Во Франкфурте у нее никого не было. Она сообщила, что ее бросил женатый любовник (это правда), однако временами она уверяла меня, что на самом деле это она бросила мужа. Не подлежит никакому сомненью, что она страдала dementia praecox[2] и, казалось, застряла в том возрасте между девичеством и зрелостью, когда девушки наиболее подвержены влиянью потаенных порывов души.

 

В повадках ее усматривались явные признаки половой инверсии; лицо иной раз обретало подлинно мужские черты – загадочная аномалия, коей я так и не нашел объясненья. Со мной она держалась развязно, от чего я пытался лечить ее водными процедурами. Именно на фоне водолечения она начинала вести себя особенно буйно, что натолкнуло меня на мысль тебе написать.

Нет, она не противилась, когда ее вели в душевую, и будто вовсе не замечала резких перепадов температуры водяных струй, которые делались то холодными, то горячими. Она разговаривала с водой. Из этих бесед мне стало ясно, что она воображает себя Ундиной. Как в стихах: «Видел русалок – прекрасных и странных? Волосы зелены, очи туманны…»


Лермонт ощутил знакомое биение в груди и вкус кислых яблок на языке, услыхал шелест ветвей на ветру.

Еще раз хочу напомнить тебе о вреде, каковой фантазии оперы подчас наносят женской душе! Судя по бессвязным речам Марты, она попеременно видела во мне то своего мужа, то любовника, а то и пленителя, что нередко случается с такими женщинами in extremis[3]. На четвертый день она так разбушевалась в душевой, что мне пришлось вколоть ей снотворное.

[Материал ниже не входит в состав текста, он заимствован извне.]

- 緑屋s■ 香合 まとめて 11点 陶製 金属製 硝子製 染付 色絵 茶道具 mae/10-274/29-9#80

Лермонт спешно открыл последнюю страницу письма.

…продолжал вводить ей успокаивающее. Это останавливало припадки, но с каждым днем она все больше сникала и слабела.

Я уже начал составлять черновик этого письма, Томас, в надежде узнать твое мненье по данному вопросу и, возможно, просить твоей помощи, однако вчера утром меня разбудила сестра-хозяйка, прибежавшая ко мне домой с криками и известием, будто больница объята огнем. Я поспешил туда и обнаружил, что, слава богу, объята огнем не вся больница, а лишь одна палата. Палата Марты.

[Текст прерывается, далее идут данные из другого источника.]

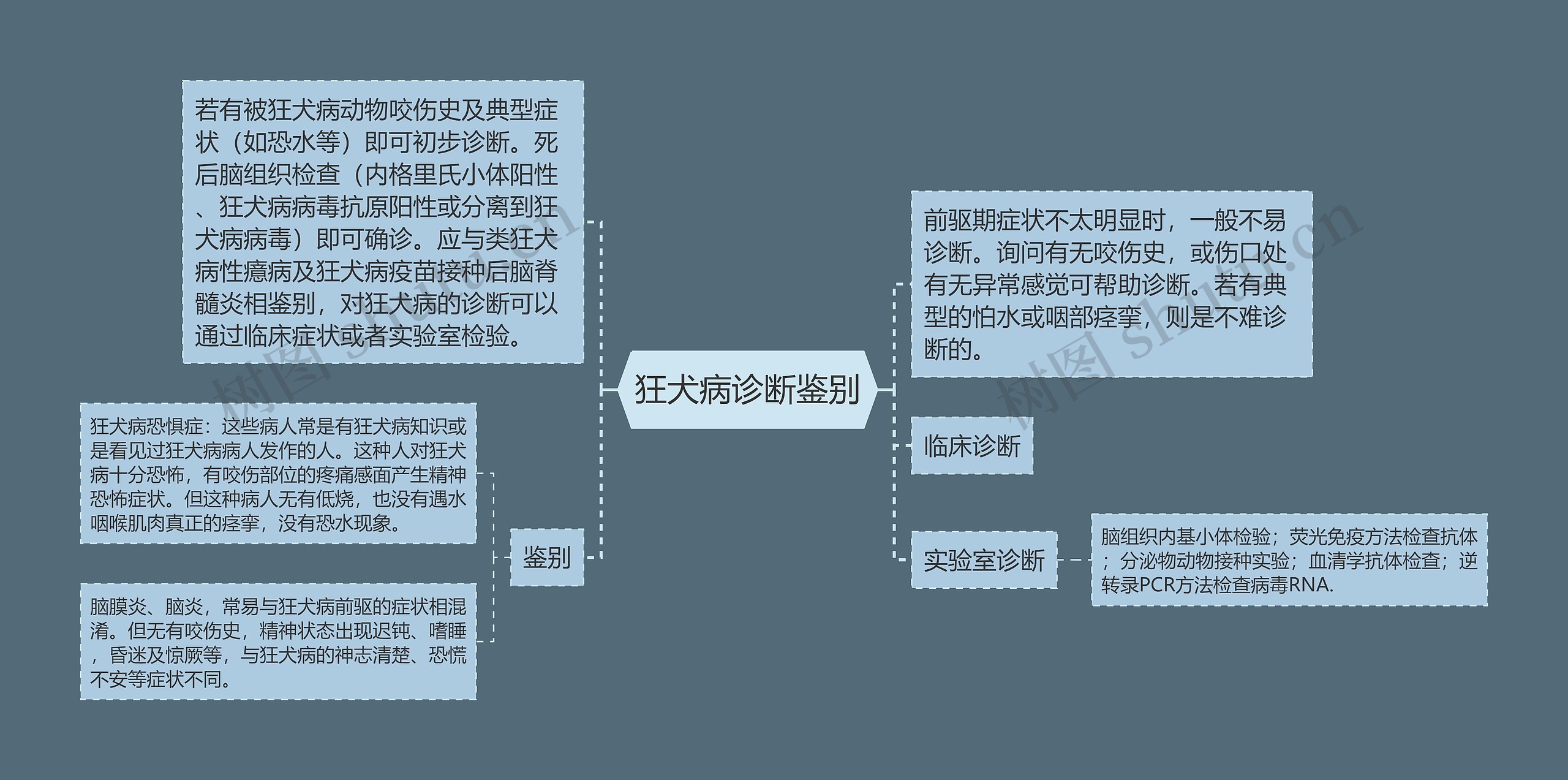 树图思维导图提供《狂犬病诊断鉴别》在线思维导图免费制作,点击“编辑”按钮,可对《狂犬病诊断鉴别》进行在线思维导图编辑,本思维导图属于思维导图模板主题,文件编号是:5eb159ab45013ad13b35561efda31565

В этом огне она, увы, погибла, притом не одна. Когда пожар удалось потушить, я обнаружил на месте обугленные останки другого пациента. Дежурная медсестра заверила меня, что ни свечей, ни ламп в палате не оставляли: должно быть, он принес свечу с собой.

Много часов я просеивал останки и все же не нашел среди них никаких следов девушки, если не считать ее туфель. Мне еще предстоит выяснить, украл ли тот пациент ключ от ее палаты, или же она впустила его сама. Юноша он был безобидный, писал на досуге затейные сказочки, которые были мне по душе. Увы, все свои сочиненья он, похоже, унес с собой на тот свет, поскольку никаких бумаг в его палате я не нашел.

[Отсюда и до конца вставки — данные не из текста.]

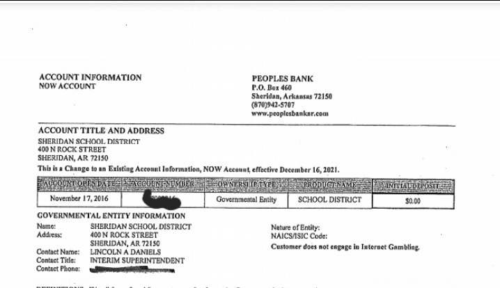 In a document released by Andy Mayberry, a former state representative and the Sheridan School District’s director of communications and recruitment since October 2021, the school opened a construction account for the bond on Nov. 17, 2016, at Peoples Bank in Sheridan.

Судьба Марты – наглядный образчик пагубного воздействия низменных страстей на молодую женщину, чей норов еще не смягчен материнством и не усмирен остепеняющими объятьями мужа. Раймерих Киндерлиб, пожалуй, усмотрел бы некую зловещую иронию в ее судьбе, я же этого делать не стану. Когда я сообщил другу печальную весть, горе его было изрядно сдобрено муками совести. Мне нечего было отдать ему, кроме туфель той девушки и ее праха, который он обязался предать речным водам.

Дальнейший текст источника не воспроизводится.